To do — Copy, word for word, the opening line of the data and each line after it until the line that contains "Appartamento al secondo", which is included. Leave the pictures out.

Data shown —

◇ ◇ ◇ ◇ ◇

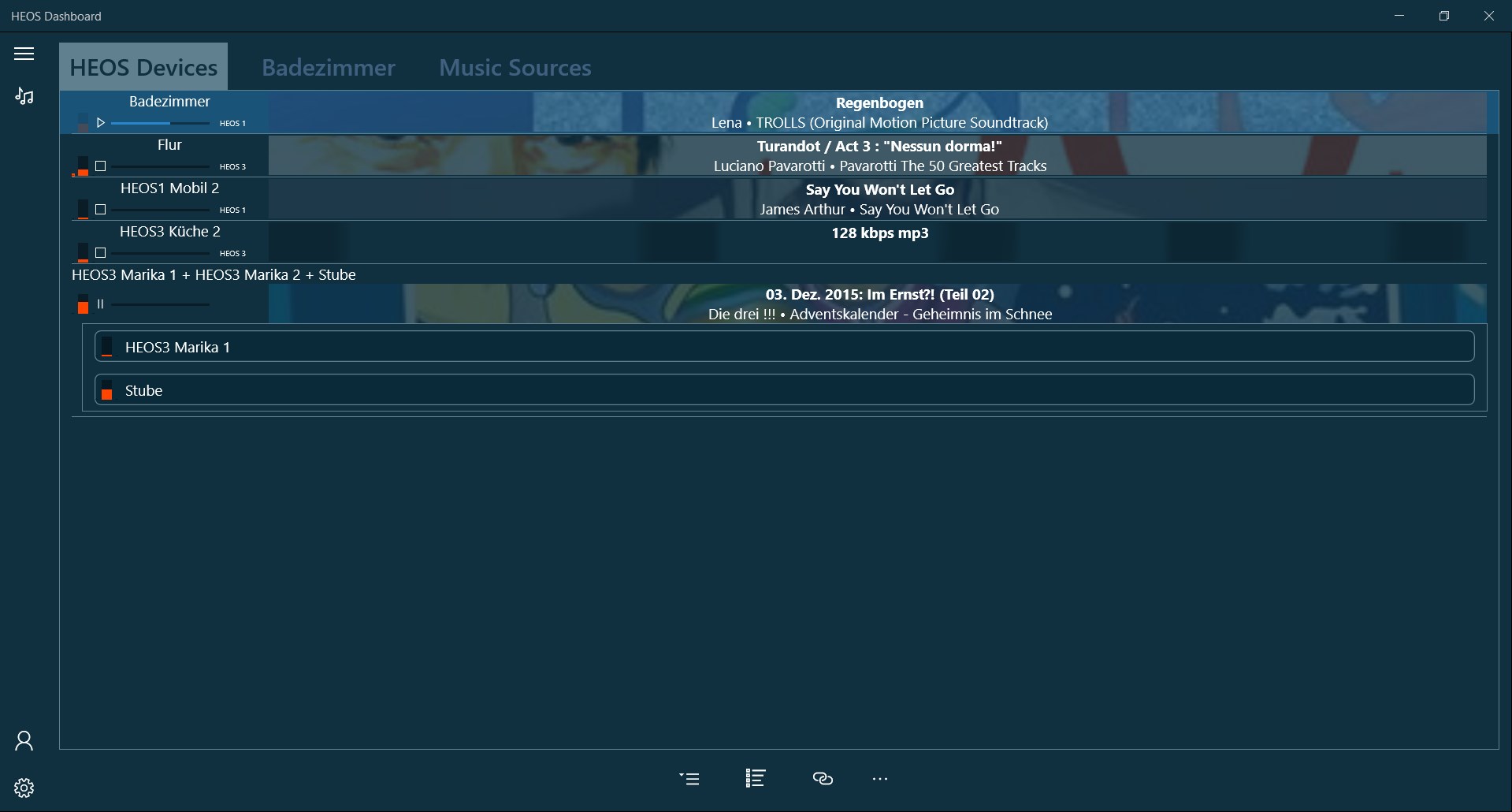 - Group by HEOS devices (single, multiple and all devices at once)
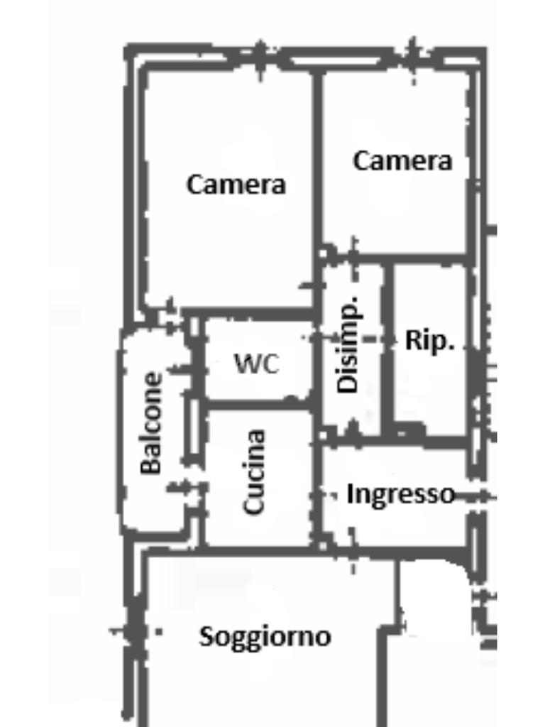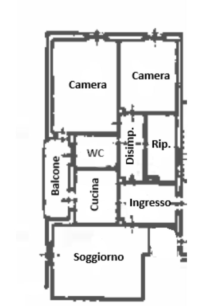 Appartamento al secondo piano di otto, servito da ascensore, di un complesso condominiale costruito alla fine degli Anni '60, circondato da verde comune e completato da posti auto liberi antistanti i lotti abitativi e da cantine.
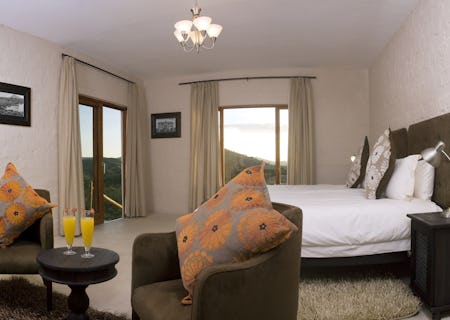 An imposing stone stairway leads up through the heavy wooden entrance doors into the vast main area and bar overlooking the swimming pool. The spacious dining room opens out onto a wide wraparound terrace with views over Windhoek to one side, and the reserve on the other. An inviting lounge with comfortable leather couches, open fireplace and desert-inspired décor offers a cosy winter retreat. Spa treatments are available in the wellness room, and there is a small curio shop.

◇ ◇ ◇ ◇ ◇

Answer section —
 - Group by HEOS devices (single, multiple and all devices at once)
 Appartamento al secondo piano di otto, servito da ascensore, di un complesso condominiale costruito alla fine degli Anni '60, circondato da verde comune e completato da posti auto liberi antistanti i lotti abitativi e da cantine.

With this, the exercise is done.